Exercise: As output, give the exact lines from the one containing "A few years" through the end of the listing below, both included, without the pictures.

Data to examine:
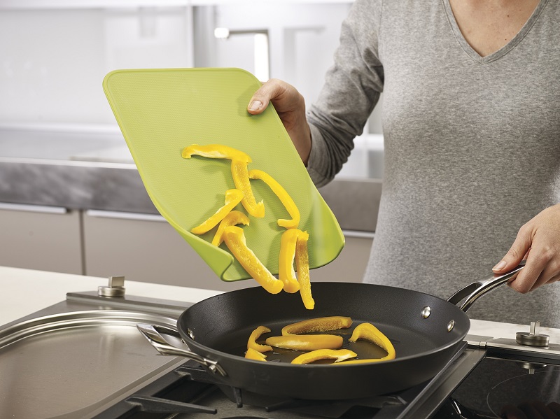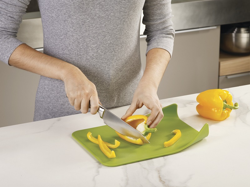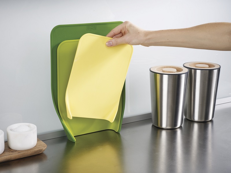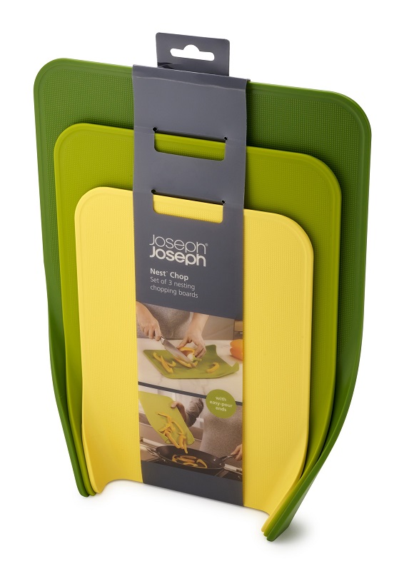 Ten zestaw to praktyczny zbiór desek, które pozwalają zaoszczędzić wiele miejsca podczas przechowywania. Ten kompaktowy zestaw zawiera trzy deski w różnych wymiarach powierzchni. Zakrzywiona konstrukcja z jednej strony pozwala aby deski stały pionowo podczas przechowywania oraz działa również jako poręczne rynny do przesypywania krojonych produktów prosto do naczynia, garnka lub patelni.
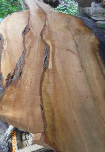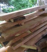今日の工房の課題は「製材(sawing)」です。材はプラム(plum)です。数年前、ご近所の庭から伐り、Y製材所で挽いていただきました。それを自然乾燥させていたものです。
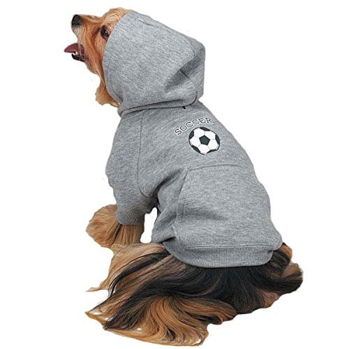 -. Feature : X-SMALL - For dogs measuring up to 8 inches from base of neck to base of tail. / Fashionable heather gray color with screen print "Soccer" and ball emblem. / Convenient hole for attaching leash to collar and pocket on the back. / Elastic ribbed waistband and cuffs for a comfortable fit. / Easy care. Machine washable in cold water, tumble dry low. Made of 65% polyester and 35% cotton.
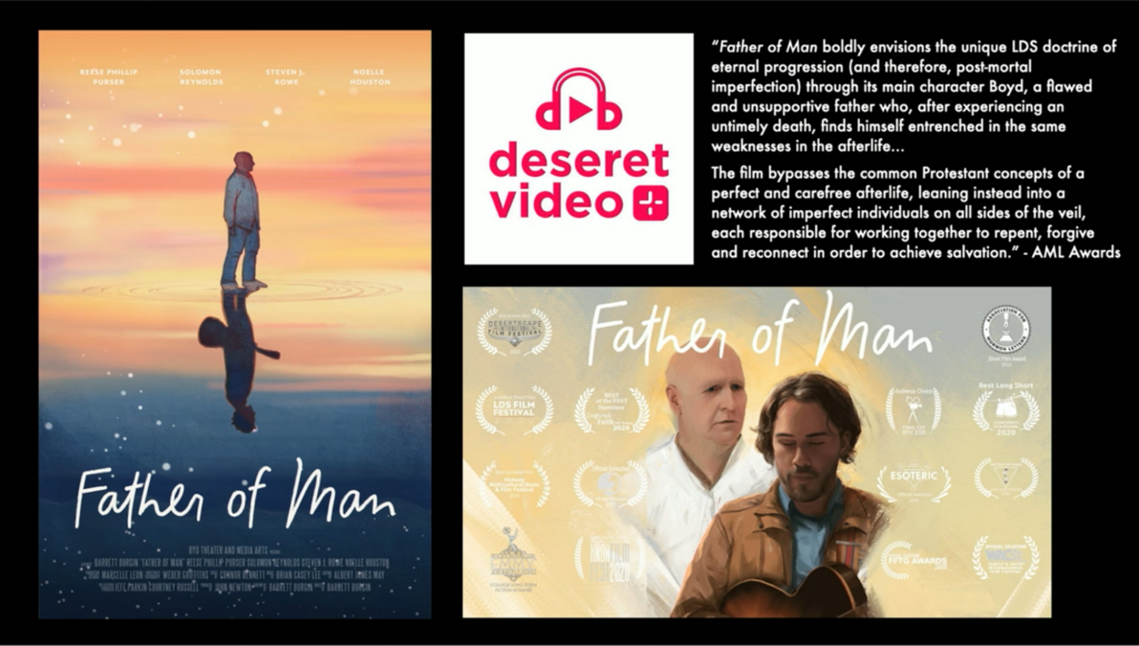 A few years later, I made another film with BYU, my capstone short film called Father of Man. It’s aimed more toward a Latter-day Saint audience and is available, or will soon be available on Deseret Video for streaming. While targeting a specific audience, I aimed to make it as accessible and universal as possible, exploring Latter-day Saint ideas, iconography, doctrines, concepts, etc.
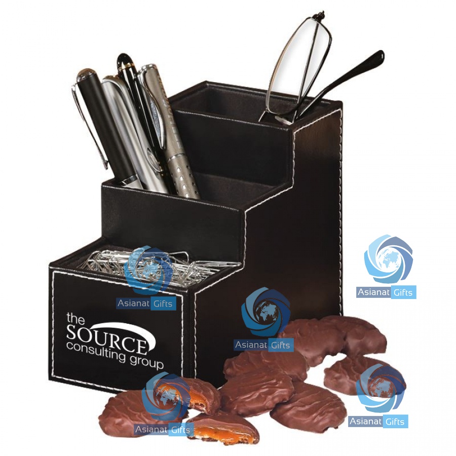 This three-compartment faux leather organizer is a useful and decorative accent piece for any desk or home office. There’s a compartment for pens, another for reading glasses and one for paper clips.
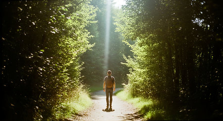 A man radiates a soft glow as he walks through a lush forest, surrounded by vibrant greenery and a winding trail. The atmosphere is tranquil and otherworldly.
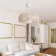 Plafonnier ventilateur BALI  en fibre naturelle et aluminium blanc 18w 2352 lumens 3000-6000k, diamètre 50 cm, hauteur 33,5 cm ou 47 cm. Il dispose de 6 vitesses, mode réversible hiver-été. Moteur DC.
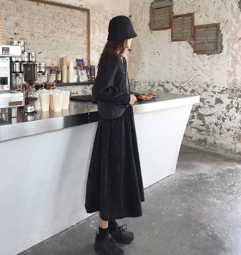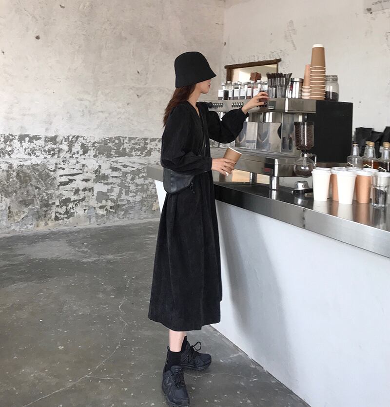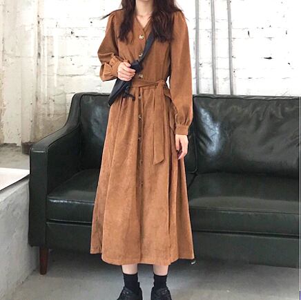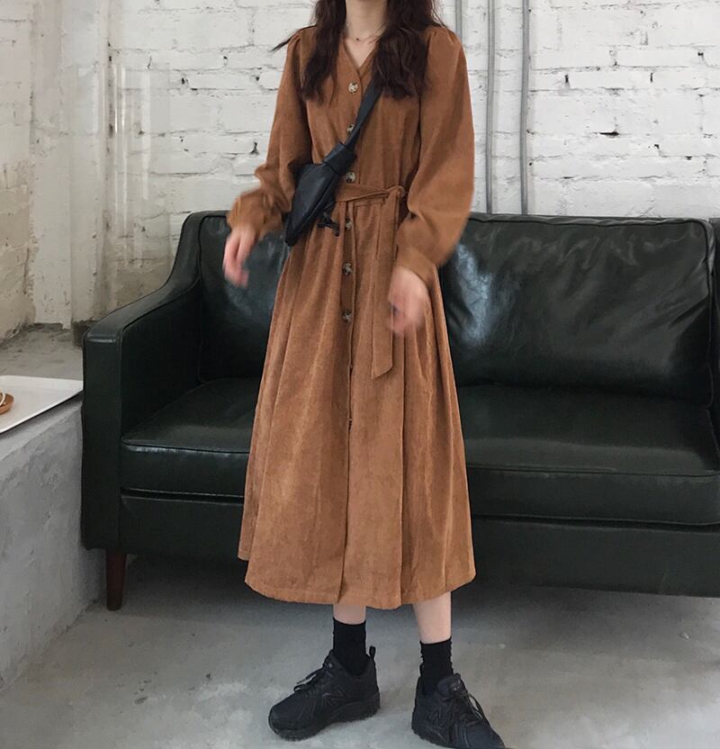 ワンピース ロング丈 長袖 Vネック 黒 ブラック 韓国流行 茶色 ブラウン ストレート ウエストリボン かわいい 大人可愛い きれいめ シンプル カジュアル 上品 おしゃれ お洒落 大人可愛い 大人女子 こなれ感 メンズライク 個性的 主役級 存在感 無地 秋 冬 10代 20代 レディース 学生 通学 デート お出かけ 女子会 お泊まり 休日 普段使い 重ね着 ファッション コーデ スタイル 楽ちん モテ 送料無料 トレンド 流行 インスタ映え M L XL 2XL 3XL 4XL ゆったり ゆる

Solution to this problem:
 A few years later, I made another film with BYU, my capstone short film called Father of Man. It’s aimed more toward a Latter-day Saint audience and is available, or will soon be available on Deseret Video for streaming. While targeting a specific audience, I aimed to make it as accessible and universal as possible, exploring Latter-day Saint ideas, iconography, doctrines, concepts, etc.
 This three-compartment faux leather organizer is a useful and decorative accent piece for any desk or home office. There’s a compartment for pens, another for reading glasses and one for paper clips.
 A man radiates a soft glow as he walks through a lush forest, surrounded by vibrant greenery and a winding trail. The atmosphere is tranquil and otherworldly.
 Plafonnier ventilateur BALI  en fibre naturelle et aluminium blanc 18w 2352 lumens 3000-6000k, diamètre 50 cm, hauteur 33,5 cm ou 47 cm. Il dispose de 6 vitesses, mode réversible hiver-été. Moteur DC.
 ワンピース ロング丈 長袖 Vネック 黒 ブラック 韓国流行 茶色 ブラウン ストレート ウエストリボン かわいい 大人可愛い きれいめ シンプル カジュアル 上品 おしゃれ お洒落 大人可愛い 大人女子 こなれ感 メンズライク 個性的 主役級 存在感 無地 秋 冬 10代 20代 レディース 学生 通学 デート お出かけ 女子会 お泊まり 休日 普段使い 重ね着 ファッション コーデ スタイル 楽ちん モテ 送料無料 トレンド 流行 インスタ映え M L XL 2XL 3XL 4XL ゆったり ゆる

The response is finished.